Dilansir oleh Tirto.id, dalam penelitiannya yang bertajuk #NamaBaikKampus menjelaskan bahwa ada 107 dari 207 testimoni yang didalamnya masuk kategori kekerasan seksual di kampus. Kasus-kasus kekerasan seksual tersebut tidak hanya terjadi di ruang internal kampus saja, melainkan terjadi di luar kampus seperti Kuliah Kerja Nyata (KKN), Magang atau acara-acara kemahasiswaan.
Begitupun bentuk-bentuk kekerasan yang diterima korban bermacam-macam, sebanyak 129 penyintas menyatakan pernah dilecehkan; 30 penyintas mengalami intimidasi bernuansa seksual; dan 13 penyintas menjadi korban pemerkosaan.

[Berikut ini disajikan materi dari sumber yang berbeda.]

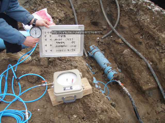 그래서 물 은 누수탐지 목적(누수되는부분에 물 비침)으로만 관로에 물을 채우고 압은 공기압으로 체크한다.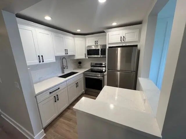 MUST SEE! Gorgeous FULLY RENOVATED first floor unit. The kitchen boasts beautiful quartz countertops and backsplashes with full plywood shaker style cabinets, new appliances. New exterior front impact resistant door and two panel interior doors. New wood flooring w/ large base moldings that match crown moldings. Artistic ''board and batten'' in the living room and master bedroom. California style closets in master and hall closet. Accordion Shutters on back patio. Assigned parking space. Cable included in HOA dues. Multiple pools, theatre on property. Important: Roof was replaced recently with metal roof, old concrete hand and stair rails already replaced with metal railings, patio is being replaced in January '26. So no future assessments. Unit is rentable w/ restrictions.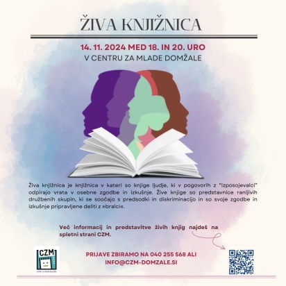 V Centru za mlade Domžale bo v četrtek, 14. novembra 2024, potekala Živa knjižnica. Vabljeni med 18. in 20. uro v prostore CZM, kjer bomo ob prigrizkih radovedno »brali« in kramljali.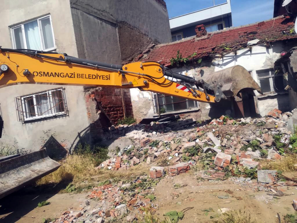 Osmangazi Belediyesi, ilçe sınırları içerisinde bulunan, emniyet ve sağlık açısından risk oluşturan metruk binaların yıkımını sürdürüyor.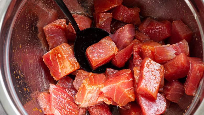 The tuna is the star of this Hawaiian dish, so you'll want to load it with as much flavor as possible. To do so, add the soy sauce, sesame oil, and rice vinegar into a bowl along with the tuna cubes. Toss everything so that each piece of fish is evenly coated, then put the whole bowl in the fridge for 15 minutes. This is the most time-consuming part of the recipe, but in those 15 minutes, the tuna will have a chance to absorb all the flavors of the marinade.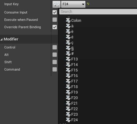 Due to modern keyboards no longer having keys such as F13-F29 naturally Unreal Engine does not support these input methods as they are an uncommon key to have these days, I have them though…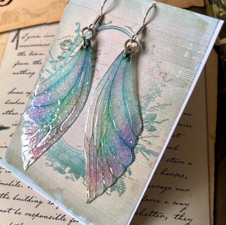 The tiny pieces of glitter are sealed into the wings so you won't be shedding sparkles wherever you go. I have glazed the wings to really make them shine.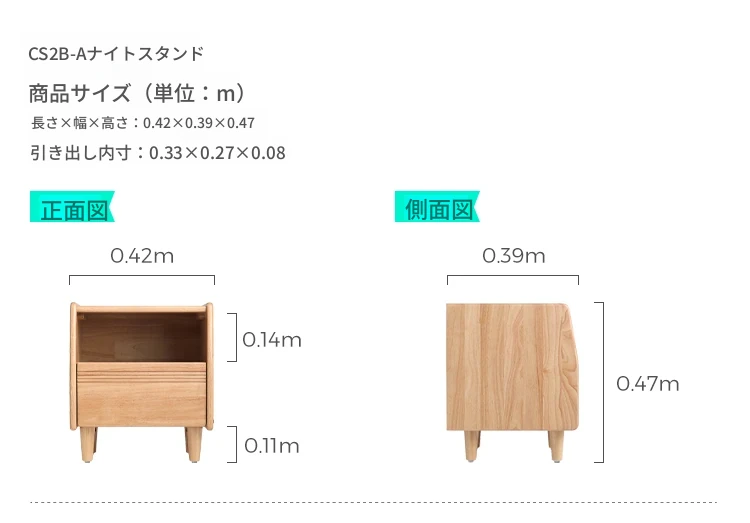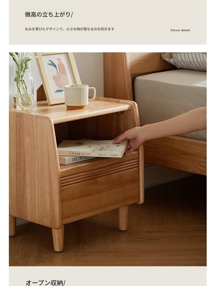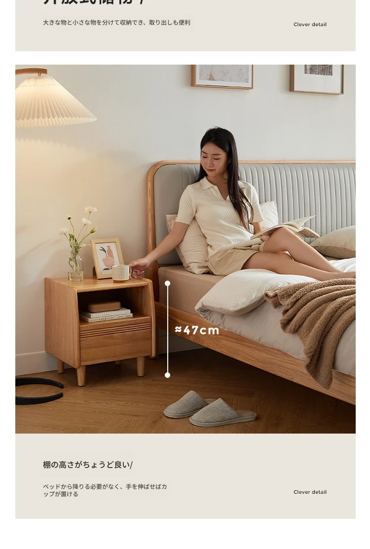 【スラットフレーム|ライトオーク色+カーボングレー】CS2A-Aベッドフレーム収納なし+CD319Aマットレス(厚さ:220mm)+CS2B-Aナイトスタンド*1

Data-data tersebut terus dikumpulkan sebagai bukti bahwa RUU P-KS sangat darurat disahkan, karena bagaimanapun, institusi pendidikan mestinya menjadi ruang aman dan nyaman untuk belajar.
Kolektif Jaringan Muda Setara yang diinisiasi oleh gabungan mahasiswa dari berbagai kampus di Indonesia kerap mengadakan diskusi dan aksi perihal SOP atau pedoman untuk pencegahan dan penanganan kekerasan seksual agar dapat tersebar secara merata di seluruh perguruan tinggi di Indonesia.
Di sebuah kampus, saya pernah menjumpai salah satu lembaga Pers Mahasiswa (PERSMA) untuk mendiskusikan penanganan korban kekerasan yang ingin speak up tentang apa yang dialaminya, dan bagaimana cara mereka bertindak sebagai pusat informasi dan ‘penyambung lidah’ antara dosen dan mahasiswa, tapi yang saya dapatkan ternyata kalimat-kalimat putus asa dan ketakutan akan ancaman dari dosen yang bersangkutan jika benar-benar kasus itu terjadi.
“Saya takut di drop out, apalagi sudah semester tujuh, tanggung kan..”
Saya meringis dan berandai-andai. Seandainya SOP penanganan kekerasan seksual di perguruan tinggi ditangani dengan serius oleh Kementrian Pendidikan. Seandainya RUU P-KS disahkan. Maka untuk mencapai rasa aman dan nyaman tak perlu didahului rasa takut karena ancaman.
Sampai kapan kita bisa terus berandai-andai, sedang gunung es ini terus menjulang.